SETTING: Leicestershire, England
SUBJECTS: 533 subjects 60 to 90 years of age. MAIN OUTCOME MEASURES: Pathogens, symptoms, restriction of activity, duration of illness, medical consultations, interval between onset of illness and medical consultation, antibiotic use, admission to hospital, and death.
RESULTS: 231 pathogens were identified for 211 (43%) of 497 episodes for which diagnostic specimens were available: 121 (52%) were rhinoviruses, 59 (26%) were coronaviruses, 22 (9.5%) were influenza A or B, 17 (7%) were respiratory syncytial virus, 7 (3%) were parainfluenza viruses, and 3 (1%) were Chlamydia species; an adenovirus and Mycoplasma pneumoniae caused one infection each. Infections occurred at a rate of 1.2 episodes per person per annum (95% confidence interval 1.0 to 1.7; range 0-10) and were clinically indistinguishable. Lower respiratory tract symptoms complicated 65% of upper respiratory infections and increased the medical consultation rate 2.4-fold (chi 2 test P < 0.001). The median interval between onset of illness and medical consultation was 3 days for influenza and 5 days for other infections. Rhinoviruses caused the greatest disease burden overall followed by episodes of unknown aetiology, coronaviruses, influenza A and B, and respiratory syncytial virus.
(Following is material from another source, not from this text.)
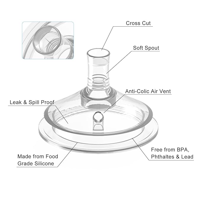 - Includes: 4 sippy spouts(Suitable for ages 8 months and up:A soft spout carefully designed for babies transitioning from breastfeeding or bottle-feeding to using a sippy cup).

CONCLUSIONS: Respiratory viruses cause substantial morbidity in elderly people. Although respiratory syncytial virus and influenza cause considerable individual morbidity, the burden of disease from rhinovirus infections and infections of unknown aetiology seems greater overall. The interval between onset of illness and consultation together with diagnostic difficulties raises concern regarding the role of antiviral drugs in treating influenza.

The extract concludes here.